▸ What is being asked
In the entries that follow, find the line containing "Семья Мингазовых стали" and the line containing "Burnt Orange Rose", then retype exactly the lines from the first through the second, pictures excluded.

▸ Working data
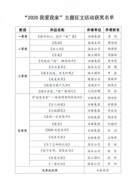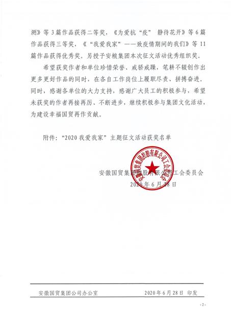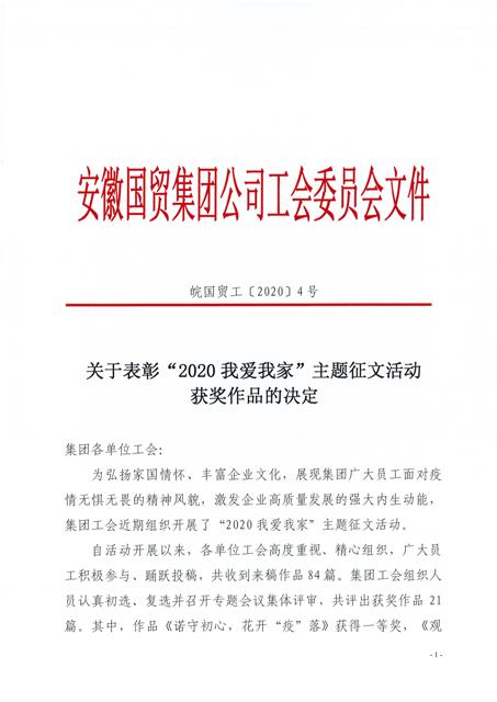 為弘揚(yáng)家國情懷、豐富企業(yè)文化,國貿(mào)集團(tuán)工會組織開展了“2020我愛我家”主題征文活動(dòng)。安糧集團(tuán)工會積極參與,最終斬獲多項(xiàng)獎(jiǎng)項(xiàng),以最佳的姿態(tài)畫上圓滿的句號。
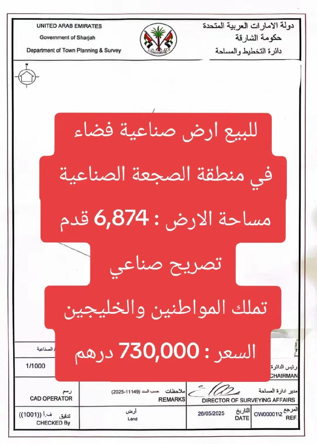 للبيع أرض صناعية فضاء في منطقة الصجعة الصناعية مساحة الأرض 6874 قدم تصريح صناعي تملك المواطنين والخليجين السعر 730000 درهم
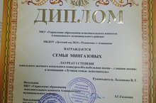 Семья Мингазовых стали Лауретами 1 степени в Зональном заочном вокальном конкурсе "Колыбельная песня - главная песня" в номинации "Лучшая семья - исполнитель", среди дошкольных образовательных учреждений. ПОЗДРАВЛЯЕМ!
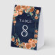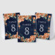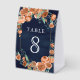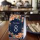 Burnt Orange Rose Floral Navy Wedding Table Number
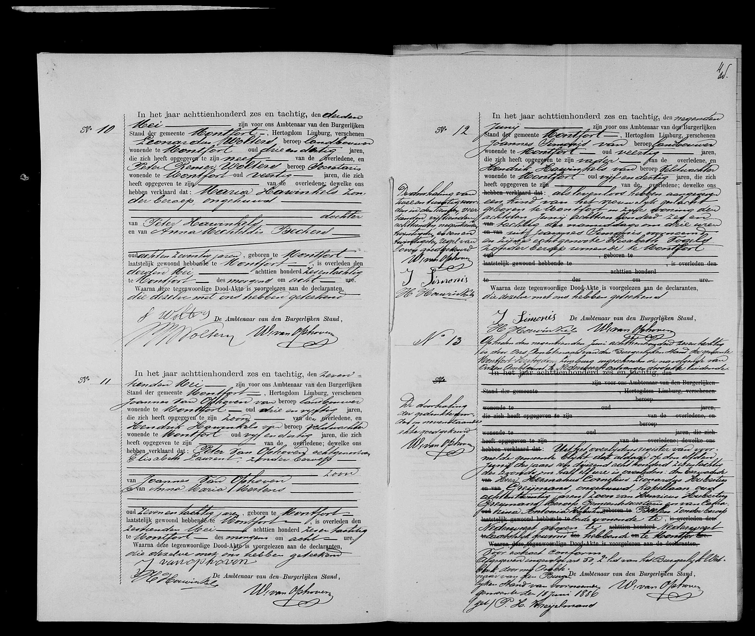 - Aangevers: Joannes van Ophoven, van beroep landbouwer, wonende te Montfort, oud drieënvijftig jaren, die zich heeft opgegeven te zijn zoon van de overledene, en Hendrik Hawinkels, van beroep veldwachter ,wonende te Montfort, oud vijfendertig jaren
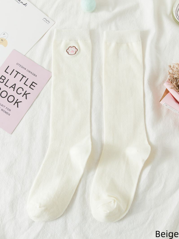 White/Black/Beige Cute Kitten Paw Embroidered Calf Socks
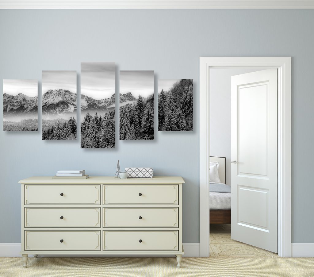 5-dílný obraz zamrzlý les v černobílém provedení
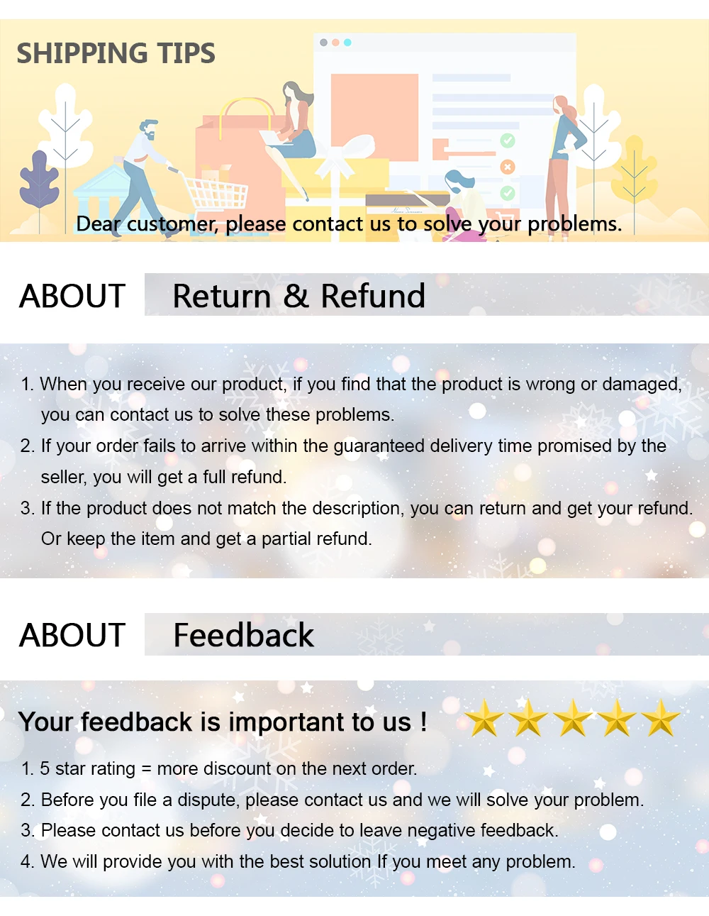 1. Если есть какие-либо вопросы о нашем продукте или обслуживании: Пожалуйста, обязательно свяжитесь с нашим персоналом по обслуживанию клиентов, мы очень рады Вам помочь. Мы приложим все усилия, чтобы найти лучшее решение, пока вы не будете удовлетворены. Пожалуйста, не ставьте нам плохую оценку, которая не поможет решить проблему. 2. Если вы удовлетворены нашими продуктами и услугами, пожалуйста, оставьте 5 звезд. Спасибо за вашу поддержку.

▸ Written solution
 Семья Мингазовых стали Лауретами 1 степени в Зональном заочном вокальном конкурсе "Колыбельная песня - главная песня" в номинации "Лучшая семья - исполнитель", среди дошкольных образовательных учреждений. ПОЗДРАВЛЯЕМ!
 Burnt Orange Rose Floral Navy Wedding Table Number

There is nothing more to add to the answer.